Isempty Check whether MAP is empty (no element Unit)

The application example is as follows:

Cmap mymap;

//Initialize the hash table and specify its size (odd number)

. Mymap. inithashtable (257 );

//Add element units to mymap.

For (INT I = 0; I <200; I ++)

Mymap. setat (I, cpoint (I, I ));

//Delete the element unit corresponding to the keyword with an even number.

Position Pos = mymap. getstartposition ();

Int nkey;

Cpoint pt;

While (Pos! = NULL)

{

Mymap. getnextassoc (Pos, nkey, pt );

If (nkey % 2) = 0)

Mymap. removekey (nkey );

}

# Ifdef _ debug

Afxdump. setdepth (1 );

Afxdump <"mymap:" <& mymap <"\ n ";

# Endif

In the above application snippet, we can understand the common usage of the cmap class.

1. First, we use the cmap template class to define an instance-mymap object.

2. Next we need to initialize the size of the hash table of the mymap object. In this case, you should first estimate the potential capacity requirements of mymap, and then select an odd number of values -- or, if possible, the effect of using prime numbers will be better -- as the initial values of the hash table.
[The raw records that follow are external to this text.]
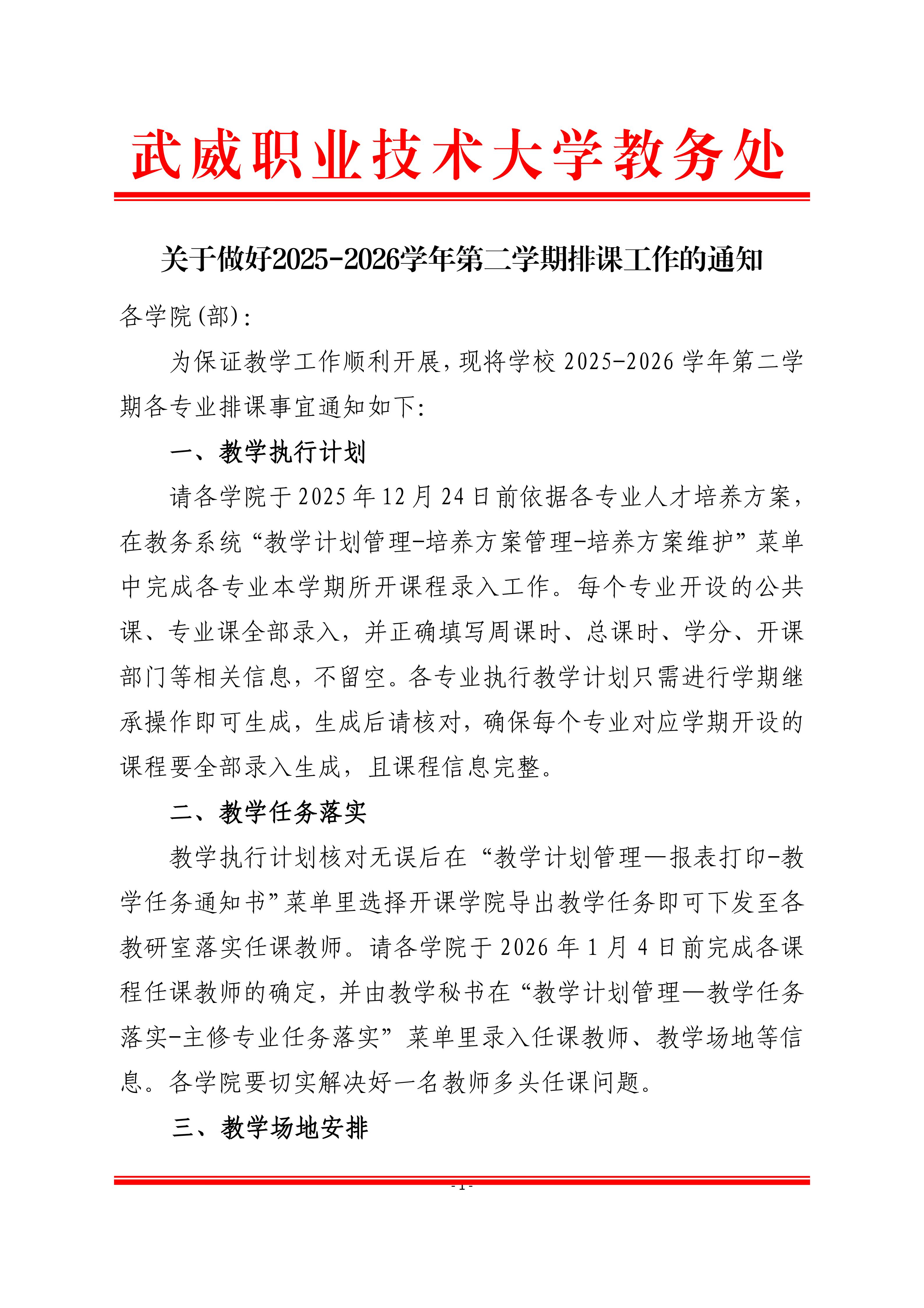 关于做好2025-2026学年第一学期新生各专业排课工作的通知
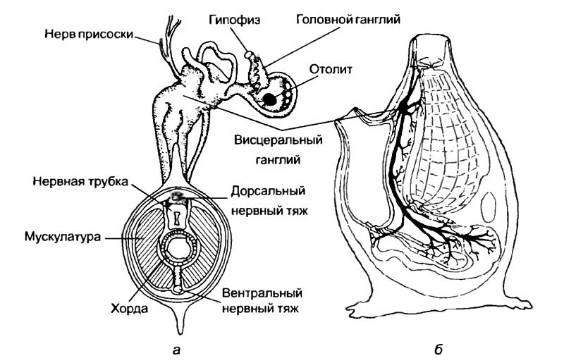 У наиболее низкоорганизованных хордовых можно заметить признаки организации нервной системы, сближающие их как с позвоночными, так и с беспозвоночными животными. Бытует несколько точек зрения на возникновение хордовых, которые имеют равные права на существование. Наиболее известны гипотезы возникновения хордовых от членистоногих, паукообразных, немертин, кольчатых червей, иглокожих, гребневиков и кишечнодышащих (В. Шимкевич, 1907; Р. Гессе, 1913; А.Н. Северцов, 1914; Н.А. Холодковский, 1914; В.Н. Беклемишев, 1944; Р.А Ливанов, 1955; Н. Kuhlenbeck, 1967; R. Jefferies и D. Levis, 1978; R. Norchcutt и C. Gans, 1983; А.В. Иванов, 1976, 1991; В.В. Малахов, 1977, 1980, 1991; Р. Кэрролл, 1992). Все эти теории с разной степенью доказательности отвечают на один вопрос о механизме возникновения трубчатой нервной системы позвоночных из ганглиозной нервной системы беспозвоночных. Рассмотрим наиболее логичную, с моей точки зрения, последовательность преобразования нервной системы в процессе эволюционного формирования хордовых. Допуская, что кишечнополостные являются безусловными предками основных групп животных, мы получим гипотетическое существо, изображенное на рис. 15,б, 16,а. Внутри животного проходит пищеварительный канал, который представляет собой гастро-васкулярную полость кишечнополостных, открытую спереди ротовым отверстием. У этого организма еще нет билатеральной симметрии, и он мог представлять собой какого-либо гидроида, перешедшего к свободноподвижному образу жизни. Он мог свободно перемещаться в трехмерной водной среде за счет сокращений щупалец, всего тела или пассивно, вместе с током воды. Основным результатом перехода к такому образу жизни стало появление окологлоточного нервного кольца.
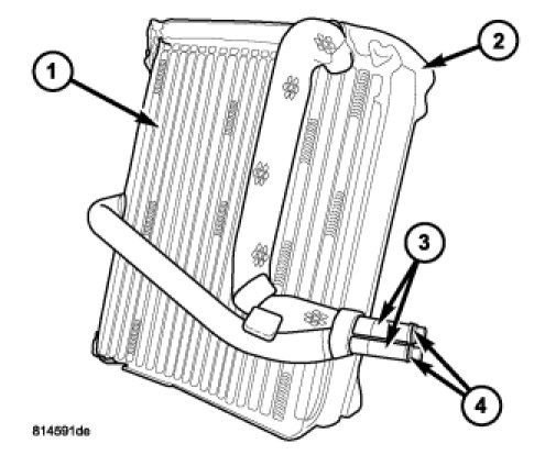 The A/C evaporator (1) is located within the HVAC housing, behind the instrument panel. The A/C evaporator and insulator (2) are positioned in the HVAC housing so that all air entering the housing must pass over the evaporator fins before it is distributed through the heating-A/C system ducts and outlets. However, air passing over the evaporator fins will only be conditioned when the A/C compressor is engaged and circulating refrigerant through the A/C evaporator.
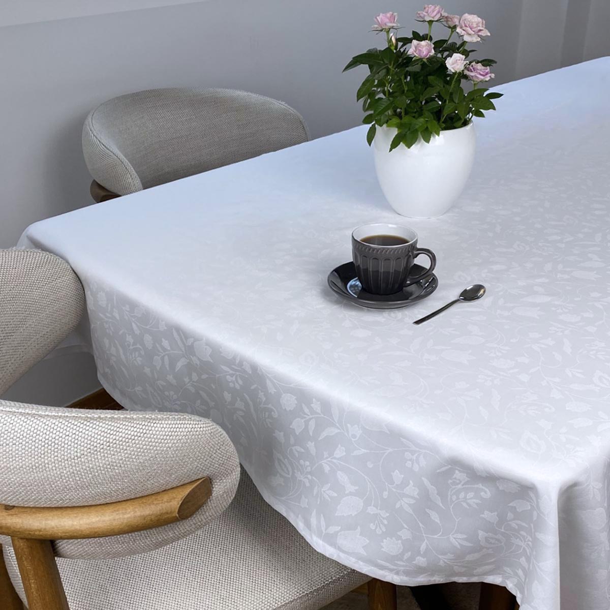 Τραπεζομάντηλο σε λευκό χρώμα με φλοράλ ζακάρ σχέδιο. Κατασκευασμένο από σατέν ζακάρ ύφασμα που το κάνει απαλό και με γυαλιστερή όψη.
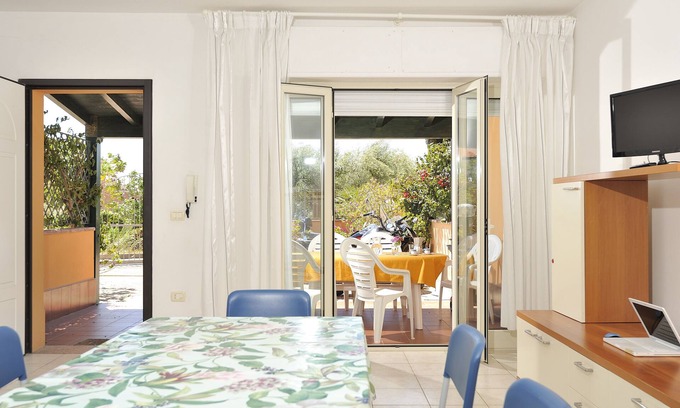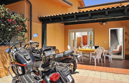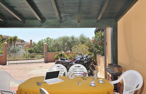 This house is located in a private and quiet area and is part of a small village of detached houses. The houses are surrounded by private garden where you can park your car and is suitable for families or groups of friends. Is on two levels has a double bedroom with terrace overlooking the bay, two bathrooms, two bedrooms with two beds with a window overlooking the garden and the other with high window, a comfortable living room with sofa bed and equipped and functional kitchen. outdoor area reserved and furnished with table and chairs. The house is equipped with bedding, air-conditioned and tastefully furnished and can accommodate small pets. From the chalet can be reached on foot in 5 minutes to the beach, restaurants, pizzerias and pubs.
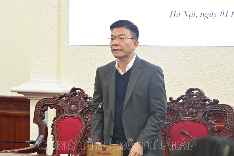 Bộ trưởng Bộ Tư pháp Lê Thành Long phát biểu tại cuộc họp
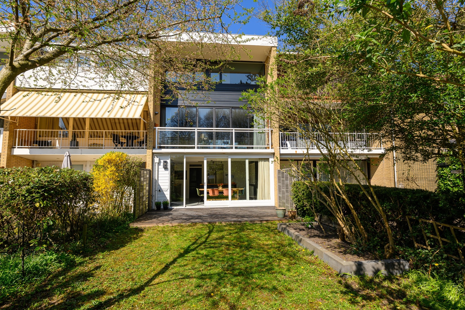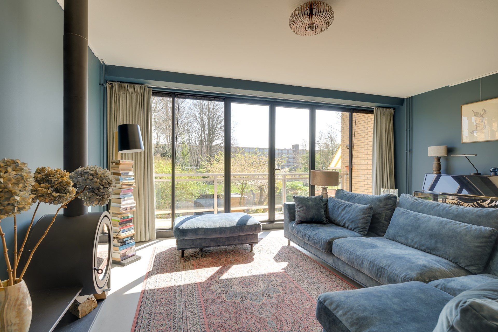 Eyecatcher: stijlvolle open haard in de lichte living met uitzicht op het park
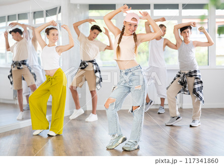 Group of teenagers in stylish clothes are training to dance low break and hip-hop in studio
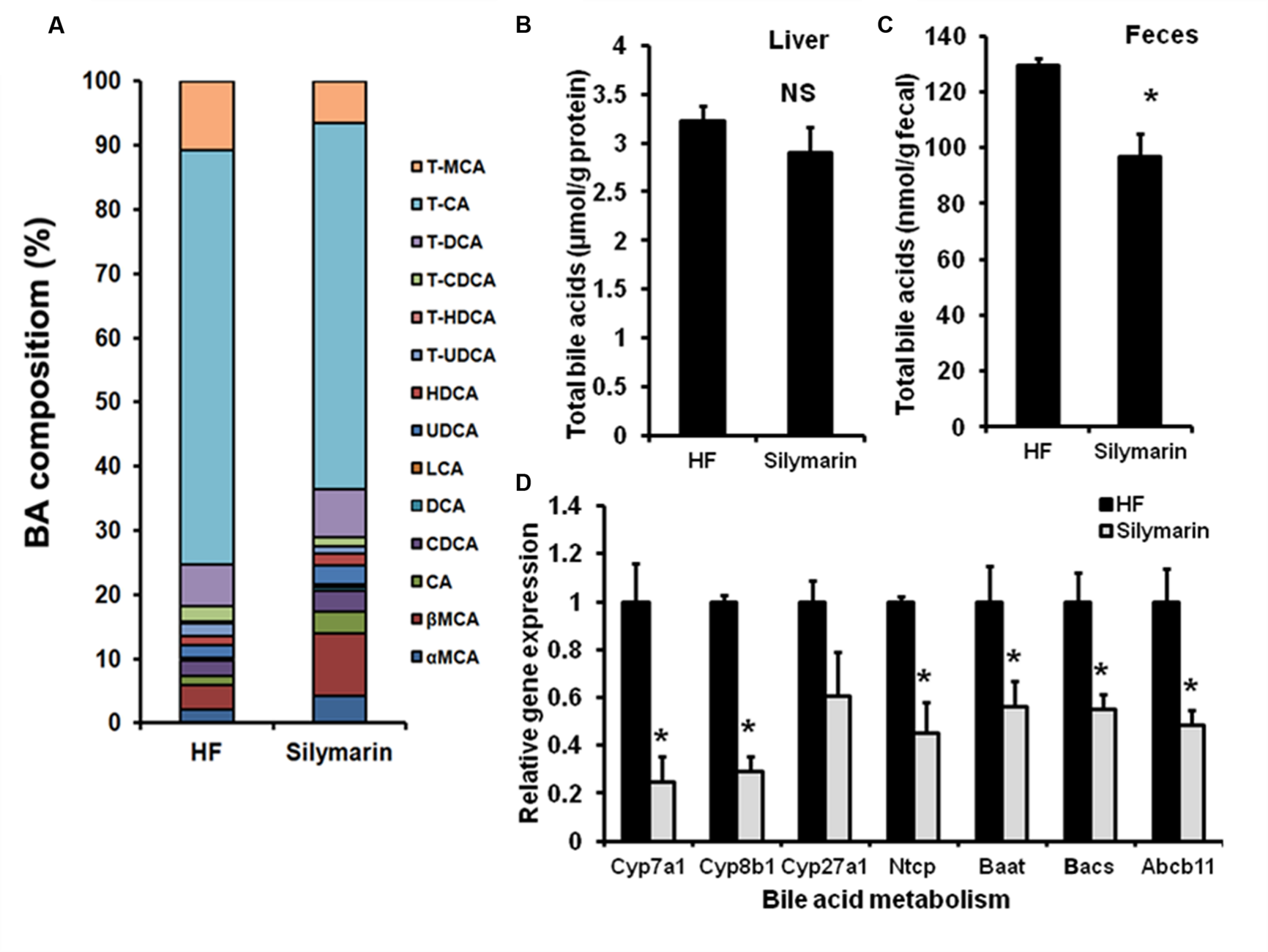 Silymarin (Legalon, Madaus, German) powder was dissolved in dimethylsulfoxide to the final concentration of 40 mg/ml for cell culture. Silybin, GW4064, T090173, Rosiglitazone, int-777, WY14643, rifampicin, TNFα, and all of the BAs standard references mentioned in this article were purchased from Sigma–Aldrich (St. Louis, MO, USA). HF diets (60% of calories derived from fat), and low-calorie diets (10% of calories derived from fat) were purchased from Research Diet (D12492, D12450B, New Brunswick, NJ, USA).
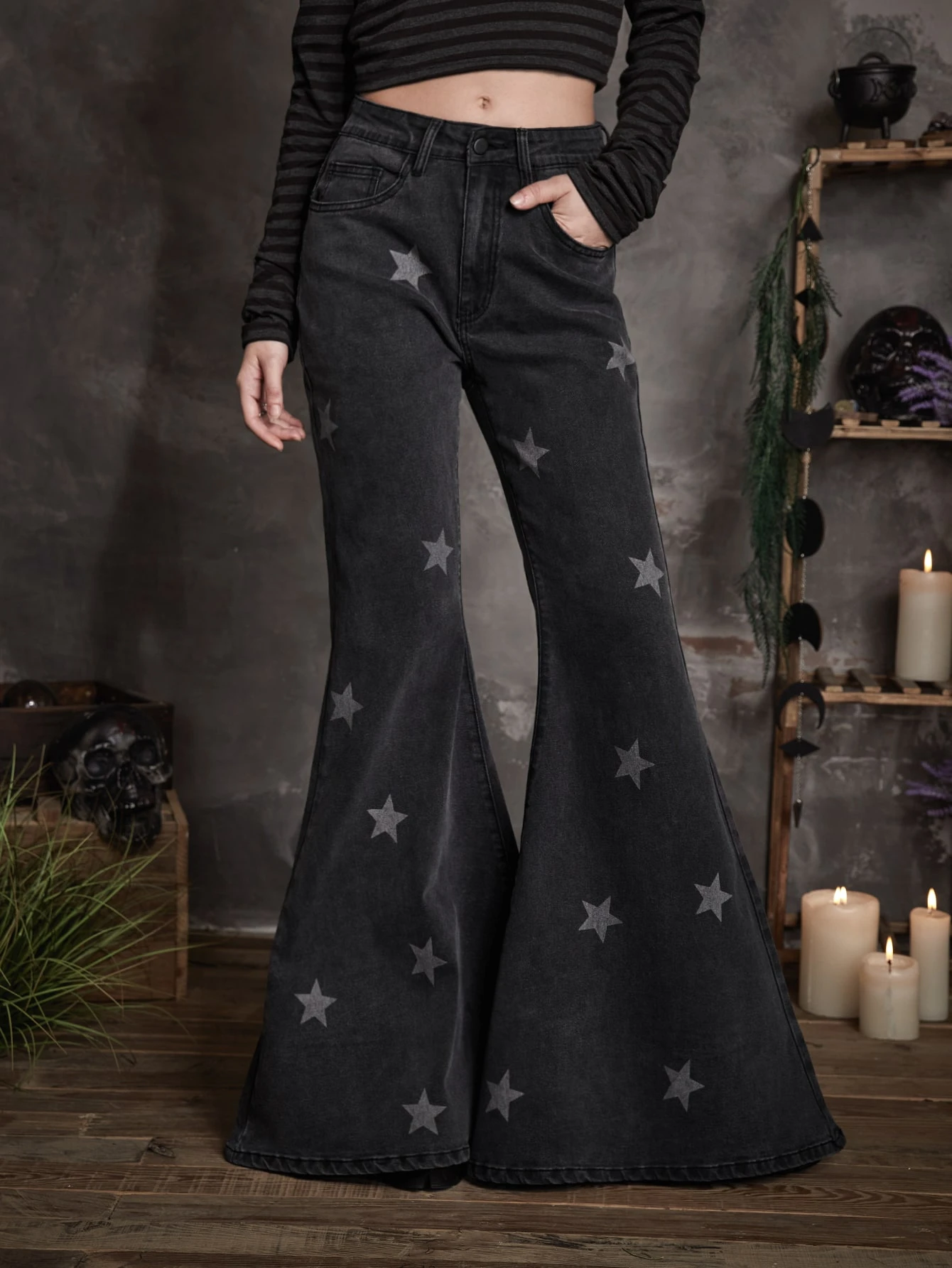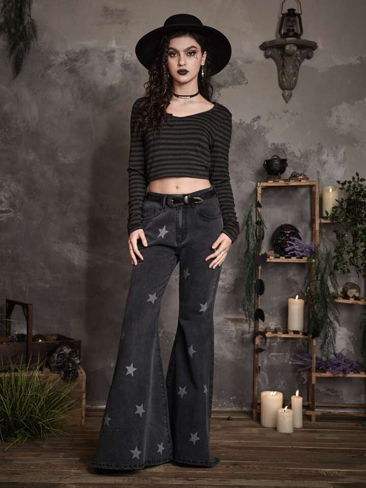 Goth جينز نسائي الزر الجيب سستة تصميم الهندسة

3. Then, add element units to mymap.

4. Use mymap to map, search, and traverse data.

5. Call the mymap. removeall () function to remove all elements and release the memory space occupied by mymap.


Cmap corresponds to implement_serial, which allows you to perform serialization and dumping operations on its elements. In
When cmap's independent elements are poured into the environment, you must set the depth of the dump context to 1 or a larger number.

After the above discussion, I believe you have a certain understanding of MAP and Its Implementation in MFC.ArticleIt can help you a little. Also hope friends more contact, more advice, my E-mail: islyb@163.com. Thank you!

Of course, map does not have the sequential traversal function, because map itself is created using a hash table, and of course it cannot restore the sequential row traversal.

But it can be traversed.

For example, cmapptrtoptr

Position Pos = m_maptest.getstartposition ()

Void * rkey = NULL;

Void * rvalue = NULL;

While (POS)

{

M_maptest.getnextassoc (Pos, rkey, Rvalue)

// Do you want

}

Contact Us

The content source of this page is from Internet, which doesn't represent Alibaba Cloud's opinion; products and services mentioned on that page don't have any relationship with Alibaba Cloud. If the content of the page makes you feel confusing, please write us an email, we will handle the problem within 5 days after receiving your email.

If you find any instances of plagiarism from the community, please send an email to: info-contact@alibabacloud.com and provide relevant evidence. A staff member will contact you within 5 working days.

A Free Trial That Lets You Build Big!

Start building with 50+ products and up to 12 months usage for Elastic Compute Service

  • Sales Support

    1 on 1 presale consultation

  • After-Sales Support

    24/7 Technical Support 6 Free Tickets per Quarter Faster Response

  • Alibaba Cloud offers highly flexible support services tailored to meet your exact needs.